Unfortunately, we don't have an easy way to reproduce this problem at the moment. As part of running our product, we start and terminate several thousand containers per hour, and this error happens only once or twice an hour. However, when it happens, it causes a bunch of downstream problems that we need to manually clean up, so we're eager to get it fixed.
Thanks, and let us know if there's any other information we can provide.
@fvoznika thanks for making that fix. I was wondering- why did you get rid of the code in pkg/shim/utils/errors.go
? Because gvisor is still pinned to containerd v1.3.9, the errdefs.ToGRPC
function being called uses errors.Cause
instead of errors.Is
to classify the error, and so I think the utility code actually helped avoid some translation problems.
Here's some code I used to test:
package main
import (
"errors"
"fmt"
// Using containerd pinned at v1.3.9 (same version as used by gvisor)
"github.com/containerd/containerd/errdefs"

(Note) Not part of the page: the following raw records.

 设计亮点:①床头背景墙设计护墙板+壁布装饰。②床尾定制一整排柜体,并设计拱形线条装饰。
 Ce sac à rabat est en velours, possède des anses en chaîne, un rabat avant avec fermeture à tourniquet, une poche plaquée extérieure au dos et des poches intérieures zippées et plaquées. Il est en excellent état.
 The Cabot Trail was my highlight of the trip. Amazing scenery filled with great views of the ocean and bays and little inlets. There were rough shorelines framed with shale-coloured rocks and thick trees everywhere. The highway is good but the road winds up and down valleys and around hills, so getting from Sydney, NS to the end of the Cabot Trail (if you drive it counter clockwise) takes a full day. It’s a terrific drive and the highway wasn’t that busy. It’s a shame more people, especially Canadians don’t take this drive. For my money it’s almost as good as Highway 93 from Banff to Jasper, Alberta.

"google.golang.org/grpc/codes"
"google.golang.org/grpc/status"
)
func main() {
// Error returned from 'func (*deletedState) Delete(context.Context)'
origErr := fmt.Errorf("cannot delete a deleted container/process: %w", errdefs.ErrNotFound)
// Using current logic
translatedErr := errdefs.ToGRPC(origErr)
containerdErr := errdefs.FromGRPC(translatedErr)
fmt.Println(
"Error as seen by containerd:",
containerdErr,
errors.Is(containerdErr, errdefs.ErrNotFound),
)
// What I think we want instead (i.e., what was done in the old utility function)?

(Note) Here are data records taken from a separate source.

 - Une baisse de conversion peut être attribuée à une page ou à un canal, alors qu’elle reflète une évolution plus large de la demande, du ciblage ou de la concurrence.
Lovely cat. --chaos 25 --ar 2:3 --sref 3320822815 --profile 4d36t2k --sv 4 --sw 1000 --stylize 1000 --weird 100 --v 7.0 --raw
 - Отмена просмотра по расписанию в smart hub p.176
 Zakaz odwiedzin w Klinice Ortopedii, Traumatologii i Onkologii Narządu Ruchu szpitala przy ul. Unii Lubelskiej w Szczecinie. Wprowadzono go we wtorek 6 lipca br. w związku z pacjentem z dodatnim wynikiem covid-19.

translatedErr = status.Errorf(codes.NotFound, origErr.Error())
containerdErr = errdefs.FromGRPC(translatedErr)
fmt.Println(
"Error as seen by containerd:",
containerdErr,
errors.Is(containerdErr, errdefs.ErrNotFound),
)
}
The outputs are:
Error as seen by containerd: cannot delete a deleted container/process: not found: unknown false
Error as seen by containerd: cannot delete a deleted container/process: not found true
which has me worried that the containerd server (running at v1.5.4
) will still treat the deletion error as being "unknown".

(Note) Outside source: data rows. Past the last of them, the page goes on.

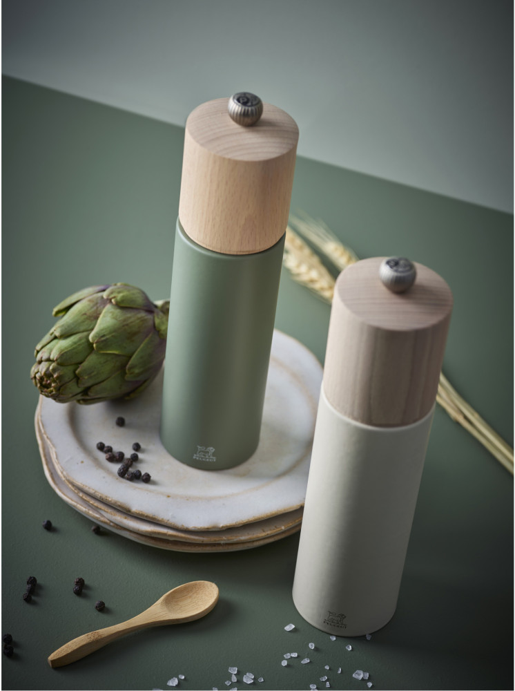 Kolekcja manualnych młynków BOREAL marki Peugeot łączy design i precyzję z pięknem pastelowych kolorów i naturalnym usłojeniem drewna bukowego. Dzięki temu połączeniu producent nawiązuje do świata well-being, w którym harmonia i delikatność pobudzają nasze zmysły. Młynki do soli i pieprzu można dowolnie komponować w ramach dostępnych wariantów kolorystycznych, tworząc zestawy.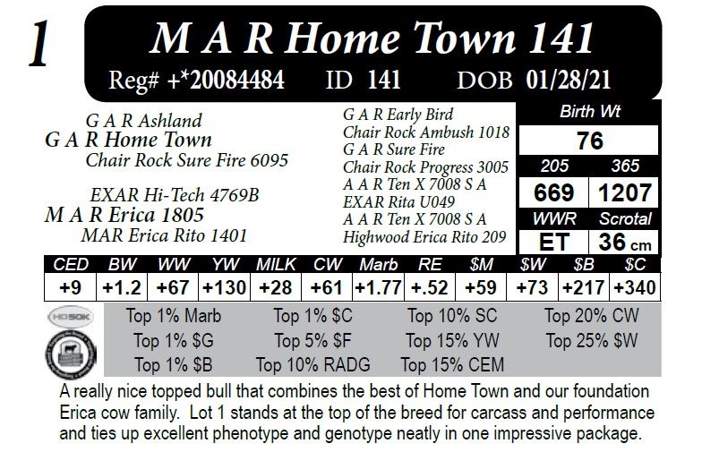 Erica cow family. Lot 1 stands at the top of the breed for carcass and performance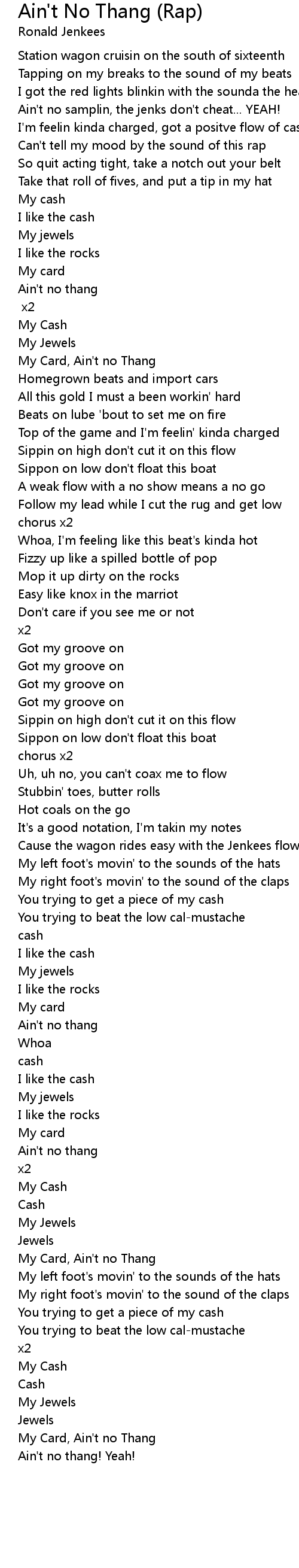 Ain't no samplin, the jenks don't cheat... YEAH! |

Let me know if that makes sense, and apologies if I'm misunderstanding!
We have changed gVisor to use containerd 1.4 internally a while back. I started the change to update it externally too, but got distracted with other stuff. I'll push a change to update it. Thanks for checking!
If you patch #7574, you should see the following with your test:
Error as seen by containerd: cannot delete a deleted container/process: not found true
Error as seen by containerd: cannot delete a deleted container/process: not found true
@fvoznika ahh, makes sense now. Thanks!